Пока все дома


Попав в Дом, построенный режиссером-педагогом Мастерской Евгением Каменьковичем и художником Владимиром Максимовым, любой гость просто обязан поскользнуться. Пол сплошь усыпан винными пробками, и фоменковские актрисы (как всегда прелестные, обворожительные etc. – нужное подчеркнуть) спотыкаются, как школьницы, впервые надевшие туфли на каблуках, – короче, так спотыкаются, что не влюбиться в них невозможно.

Фокус с пробками вряд ли придумывался как метафора, но так и хочется сказать, что чтение пьесы довольно похожий аттракцион: Шоу любил соорудить аллегорию, но по дороге к ней не упускал случая подставить читателю подножку. Аллегории с умопомрачительной скрупулезностью разъяснялись в предисловиях к пьесам; с подножками разбирайтесь сами – если хотите эти сочинения ставить, играть и смотреть.

Насчет Дома, где разбиваются сердца, автор охотно сообщает, что это “культурная, праздная Европа перед войной” (пьеса начата в 1913 г., дописана в 1917-м). Насчет обитателей Дома замечает, что в них много общего с персонажами Чехова: “такие же милые люди, та же крайняя пустота”.

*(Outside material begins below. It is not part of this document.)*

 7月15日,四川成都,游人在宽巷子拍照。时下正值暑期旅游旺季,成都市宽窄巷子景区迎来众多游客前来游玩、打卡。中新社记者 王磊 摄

Мастерской П. Фоменко никак не откажешь в репертуарной логике – нынешний сезон начался с “Трех сестер”. Не откажешь и в постоянстве темы: идея Дома, почти списанная театральной историей в архив, для Мастерской остается одной из важнейших основ жизни – ученики Петра Фоменко никогда не боялись выглядеть чуть старомодными, и это стало органической частью их обаяния. Кроме прочего, это значит, что все события внешнего мира в Мастерской всегда воспринимались изнутри, сквозь стены театра-дома. И, если нам решили сообщить, что стены вот-вот задрожат, лучшего вестника, чем Бернард Шоу, пожалуй, и в самом деле было не найти. Недаром с Чеховым, чьи пьесы за 100 лет поддались коррозии куда меньше сочинений британского драматурга, Мастерской пришлось труднее.

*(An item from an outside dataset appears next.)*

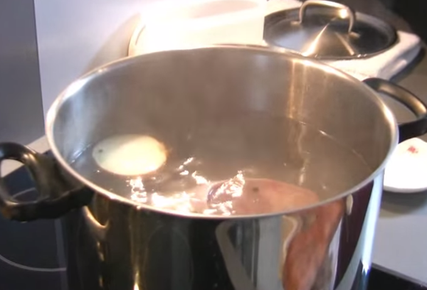 部位见图13)洗净,由于德国黑猪腥味太大,这里教大家一个妙招,把洗好的肘子(不用切)和对半切的洋葱一起放到锅里,放几粒胡椒,放些许盐巴,炖煮两个小时。图4加的是水,但是为了彻底出去腥味,使肘子更加香醇,这里楼主建议全加啤酒

Игра, затеянная Каменьковичем с текстом о закате Европы, увлекательна и безупречно культурна. Придуманный Шоу дом-корабль старого капитана Шотовера превратился в удобную двухъярусную декорацию с остроумными деталями вроде штурвала, который служит подъемником для бутылок с ромом. Над зрителями первого ряда угрожающе нависло массивное украшение корабельного носа – деревянная фигура с глупым выражением лица: в финальной сцене бомбежки этот символический истукан, разумеется, со скрипом накренится. Музыкально история зарифмована с двумя фильмами – “И корабль плывет...” Федерико Феллини (еще одной непотопляемой аллегорией ХХ в.) и недавней картиной Вонг Кар-Вая “2046” (в которой звон разбившихся сердец звучит гонконгским эхом европейских рефлексий). К тому же шкафчику ассоциаций, наверное, отсылают и костюмы Светланы Калининой, обилием шелка и яркими цветами напоминающие разом что-то оперное и что-то восточное.

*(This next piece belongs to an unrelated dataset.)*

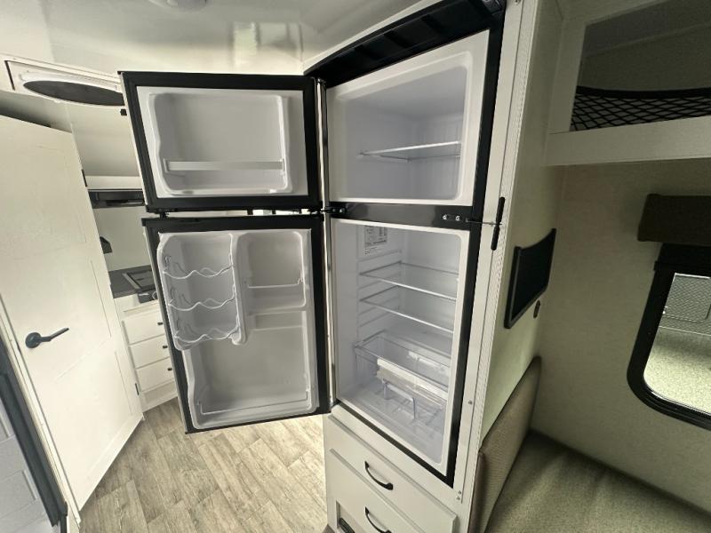 You'll love camping in this spacious trailer that can sleep up to three people. There is a two-burner stove with a cover so you can cook meals and enjoy extra counter space when you need it. The large refrigerator/freezer will let you keep your food fresh, and the stainless-steel sink will make clean up easier than ever. The dinette/bed will give you a place to dine together, and you're sure to appreciate the flex-bed system that gives you the option for a 78" x 83" bed, two twin-size beds, or a full-size bed! This trailer also includes a dry bathroom, a feature usually unheard of in teardrop trailers!
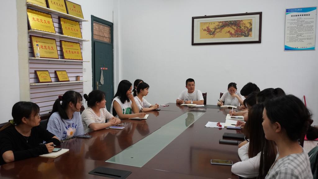 本网讯(学生记者 李文杰)6月22日下午,人文与传媒学院在学院会议室举办2018级就业动员大会。我院党总支书记刘磊,2018级辅导员李艺欣、彭军军和2018级学生代表参加。

Рифма иного рода – Шекспир, о которого Шоу затупил немало перьев. Линия с “Наполеоном промышленности” Боссом Менгеном (Максим Литовченко) выглядит в спектакле парафразом истории Мальволио из “Двенадцатой ночи” (Каменькович, кстати, когда-то ставил эту пьесу в Мастерской).

За всеми этими играми нетрудно потерять весь пафос Бернарда Шоу, но, может, оно и к лучшему. В конце концов, в этом спектакле интереснее следить не за тем, куда в следующий момент уткнется саркастический палец драматурга, а за тем, например, как обольстительность Полины Кутеповой оттеняет насмешливую резкость Натальи Курдюбовой. Как смело и точно ведет свою роль Наталья Мартынова, чей сценический опыт пока не больше, чем жизненный опыт ее героини – самой младшей из обитателей Дома. Ну и насколько выразительна фигура капитана Шотовера, даже когда играющий его Карен Бадалов поворачивается к залу спиной.

В фигуре этой чувствуется разом ирония и занудство писателя Бернарда Шоу, а сверх того еще что-то комически пиратское. Словом, йо-хо-хо и бутылка рома.